I want to try hefe yeast for my next batch of Apfelwein too. I haven't decided if I'll do the full 2lbs of dextrose, just do 1lb, or try 1lb of light DME or a few cans of apple juice concentrate to give it that extra "zing" next time.
 
g_rath said:
I have wondered this myself. Will that amount of sugar kill off the yeast when it ferments?
I don't think so, I've used 4 lbs of sugar before with no problems. The only problem with that was the lack of flavor when the cider was done...
 
g_rath said:
I have wondered this myself. Will that amount of sugar kill off the yeast when it ferments?
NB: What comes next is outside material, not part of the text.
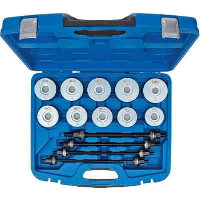 universal type for all car models also for assembly or disassembly of silent bearings, rubber- and ball bearings also suitable for rubber bushes and rotary shaft seals smooth running because of high-quality ball bearing on spindle screw nut four 350 mm spindles in M10, M12, M14 and M16 20 pressure pads (outer Ø x inner Ø): 44x34 - 46x36 - 48x38 - 50x40 - 52x42 - 54x44 - 56x46 - 58x48 - 60x50 - 62x52 - 64x54 - 66x56 - 68x58 - 70x60 - 72x62 - 74x64 - 76x66 - 78x68 - 80x70 - 82x72, Manufacturer: BGS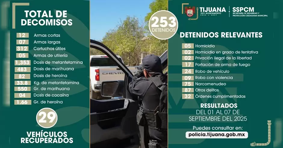 TIJUANA.- En un esfuerzo continuo por salvaguardar la seguridad y bienestar de la población, la Secretaría de Seguridad y Protección Ciudadana Municipal (SSPCM), ha reportado logros significativos en materia de prevención del delito durante la semana del 1 y el 7 de septiembre. En este periodo, fueron detenidas 253 personas señaladas como presuntas responsables de diversos delitos, así como el decomiso de 19 armas de fuego y múltiples sustancias prohibidas.

I started a thread on mead on saturday asking a different question, and we got into a yeast discussion...I'll dig back to the thread to confirm this later. But someone I believe posted that with either Ec1118 or Montrachet you need over 15 pounds of sugars to kill it off....Like I said, I can't recall the specifics now but I'll look when I get to work...

I wonder if there's a chart somewhere for the different yeast strains and how much needed to stop fermentation.
 
Well the yeast do have that number. It's the amount of alcohol they can tolerate. You just have to make the calculations with the amount of fermentable sugar and projected attenuation to see what it should theoretically be. Then you just look at how much the yeast can tolerate. If your close, then you'll have a full ferment. That number is not written in stone either. It could possibly shift up a little if you treat your yeast well and pitch the proper amount.
 
zoebisch01 said:
Well the yeast do have that number. It's the amount of alcohol they can tolerate. You just have to make the calculations with the amount of fermentable sugar and projected attenuation to see what it should theoretically be. Then you just look at how much the yeast can tolerate. If your close, then you'll have a full ferment. That number is not written in stone either. It could possibly shift up a little if you treat your yeast well and pitch the proper amount.

Is there some master list someplace with the numbers?
 
Revvy said:
Is there some master list someplace with the numbers?

I haven't seen one, but I'd imagine there might be one floating around (and it won't be exact).

The thing is, many yeasts can tolerate a fair amount of alcohol and it is hard to get to that number in general. Attenuation is a function of the yeast genetics, as is alcohol tolerance but they are different characteristics and need to be treated seperately.

So what I am getting at is you'd probably have to add a boatload of sugar to a recipe (probably to the point where it is bordering on total hooch) to get those abv's unless you are using a wine yeast or something that will attenuate better than 80%.
 
Also, also. :D With the example given to you for the 15 lbs of sugar, would this be a 5 gallon or 10 gallon (or other size) batch? That is another factor. Montrachet is listed at 10% abv tolerance. I can make a 9.0 abv brew with ~13 lbs of grain and 2 lbs of sugar. So I'd imagine that in the case of the example it is calculated with 5 gallons and 15 lbs of sugar with nothing else, that kind of makes sense but without laying out all the numbers I am not sure.